Then don't do it the hard way and store something like a password in some general text file that needs to be parsed, just have the password in its own file. This is also good practice when that's otherwise a sane idea because you can apply separate permissions to that password file.

Working with that sort of file in C is trivial, you either open() and read() from that file, or mmap() it.

> Storing encryption keys or the like in flat text files is surprisingly hard, at least in C.

Storing keys (or other binary) data is _exceptionally_ easy with C. What's hard is _multiplexing_ it with other data in the same file, but you probably don't need to:



The GP is probably more focused on textual logs.

But yes, C is very weak on converting data from one encoding into another. You end-up always having to write your own encoder/decoder.

You should be able to convert between binary and base64 on memory more easily than during IO, and for encryption keys the buffers all have known size limits. As a rule sscanf will add security vulnerabilities to your code, so one should better avoid it if you do not trust your inputs.

> - Use software leverage to your advantage.

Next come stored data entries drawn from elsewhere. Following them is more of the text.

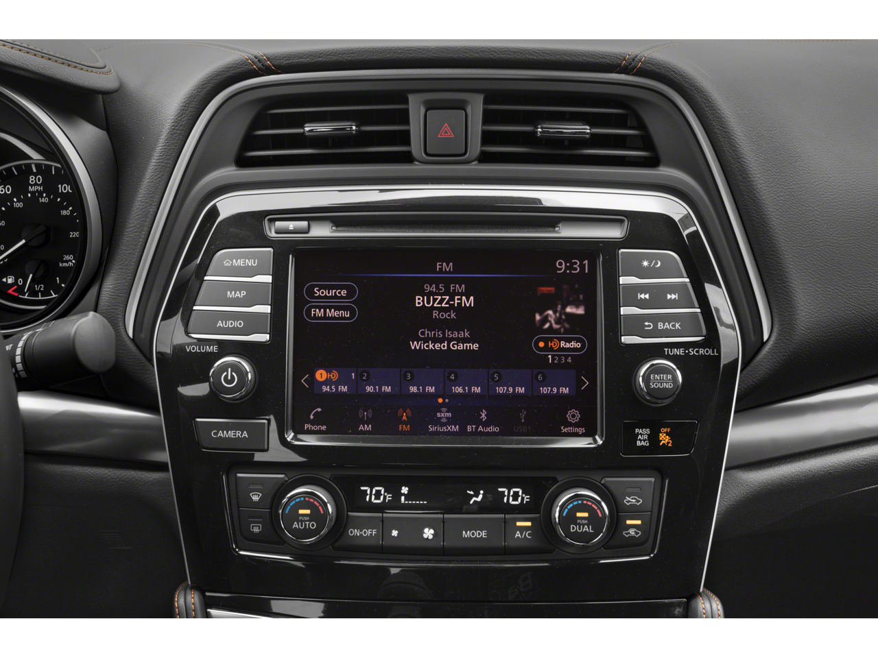 - Radio: AM/FM/CD Bose Audio System -inc: MP3/WMA/AUX reader, 11 speakers, Bose Centerpoint 2.0, NissanConnect featuring 8" color display w/multi-touch control, Apple CarPlay, Android Auto, 2 front illuminated USB connection ports (1 Type-A, 1 Type-C), Bluetooth® hands-free phone system, hands-free text messaging assistant, streaming audio via Bluetooth®, voice recognition, Siri Eyes Free, SiriusXM radio, SiriusXM advance audio features, NissanConnect Services powered by SiriusXM, Wi-Fi hotspot, Nissan door to door navigation, SiriusXM Traffic, SiriusXM Travel Link, display commander and 7" Advance Display Assist Display (ADAD)
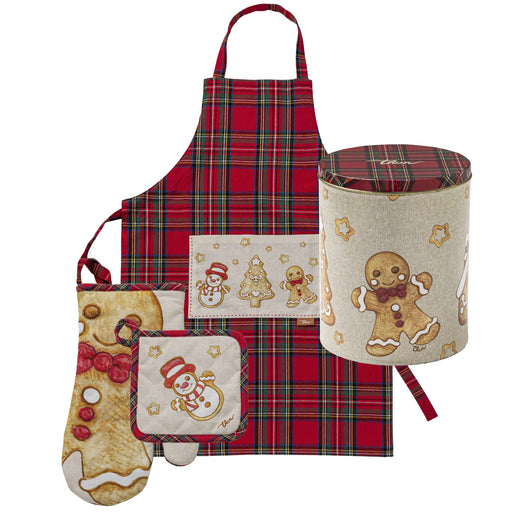 L'articolo è composto da una confezione regalo (barattolo in latta utilizzabile in cucina) con grembiule, presina e guantone.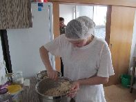 Na prípravu šalátu použila: uvarené cestoviny, kyslú kapustu, vajcia uvarené na tvrdo, sterilizovanú kukuricu, šunku,cibuľu. Suroviny zmiešala, ochutila soľou a korením. Na záver pridala majonézu a pochúťkovú smotanu.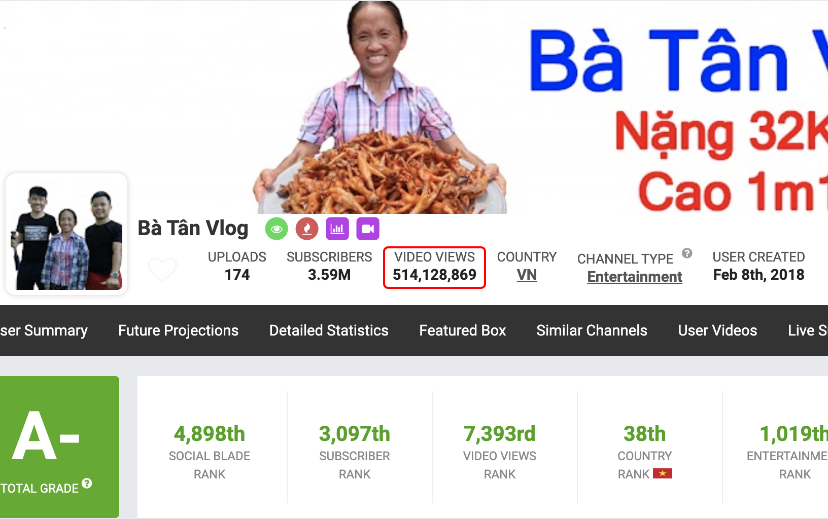 Theo ghi nhận của SocialBlade, chuyên trang thống kê chuyên theo dõi hoạt động của các tài khoản mạng xã hội và YouTube, kênh YouTube của Bà Tân Vlog đạt mốc 500 triệu lượt xem vào hôm 11/3. Và cho đến hiện tại, kênh YouTube này đã có thêm 14 triệu lượt xem.

openssl's libcrypt has Base 64 routines in it.

Storing data in text files is the biggest con pointed at proc. Store data in binary, so that its easier to read by everything.

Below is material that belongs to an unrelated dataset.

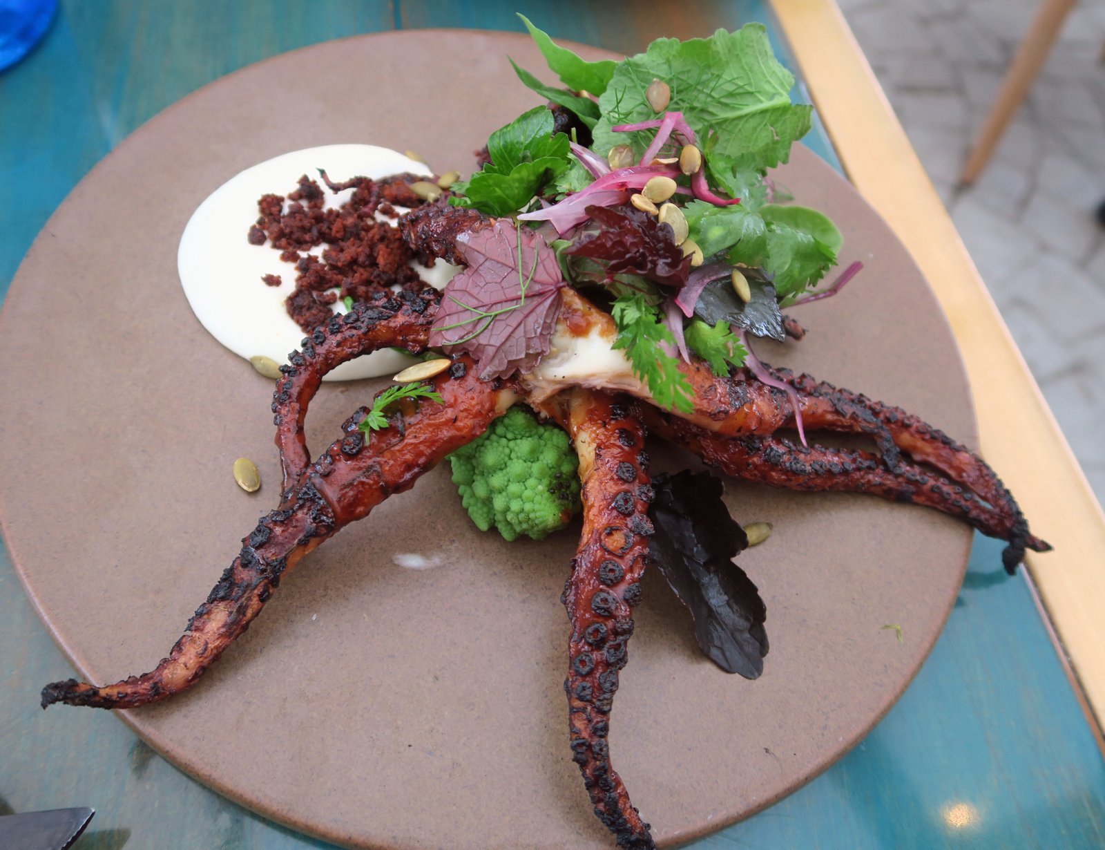 The soul of the flavor took me back to a certain dinner we had in Flores, Guatemala. The, what seemed to be something like an almost cheesy celriac puree was great at tempering the flavors of the octopus. Yes, this octopus might even be better than our favorite restaurant in Chania.

The lack of clear, thorough, reliable documentation is one of my biggest gripes with systemd.

The man pages that ship with systemd seem very thorough to me. The problem is rather that they're very thorough in the first place. They're a very hard, lengthy read and you kind of require to understand all of it before things begin to make sense.

That's exactly the point the article is making. In addition to the comprehensive documentation, systemd users need best practices for a good range of common-to-uncommon use cases.

Agreed, what’s lacking is documentation on how the many, many options can interact with each other.

Today I wanted to get systemctl list-unit-files give me the full path to each file. Couldn’t figure it out.

I agree, and I am one of the people who has some major gripes with systemd through experience. I admit it's a reality and people should learn it, but the problem is not many people have, and sometimes it really makes things that used to be much easier not necessarily more difficult (though sometimes), but rather more complicated (there is a difference). For example, I always found writing a sysvinit service pretty straight forward, but systemd units can get unweildy especially when doing anything complex, though I will admit some of the features are nice if you can figure them out, such as when in the init proc to start, vs having to do that manually in sysvinit scripts.

It also often fails to admit when it is failing, for example, nobody I know uses journald as the main or only logging system, and are still piping to local (r)syslog(ng) and then to elk/splunk, etc, because journald is simply not up to par.

In general, and I'm just being honest here, besides these mostly work-aroundable issues, it is the seeming disingenuousness of those who automatically rail against anybody who criticises systemd that makes me not like it. Call me a contrarian, but I hate being told I must like X and if I don't I'm dumb and behind the times, and my nature is to push back against that.

In that vein, I support the efforts of Devuan and similar projects if only to support a counter-balance.

> [..] elk/splunk, etc, because journald is simply not up to par.

Could you expand on what's not up to par in journald vs. rsyslog? Watching textfiles for changes vs. receiving data on a non blocking socket is definitely _not_ more efficient (nor "better" in my opinion).

Mostly related to the tooling around those things, especially when dealing with groups of machines sending logs to a central system. It's worth remembering you are still using journald when using one of the syslogs, it's just forwarding all the journal messages to the syslog socket.

As the tooling catches up this gap will close. For example the json output of journald can be really useful, that said, most of the tools still require some change of the output from the binary format which they can't read to a text format whether that be json or syslog... and the binary format in general being a general pain point if (read: when) things break (such as corruption of the whole journal past corruption point vs one section of text in syslog).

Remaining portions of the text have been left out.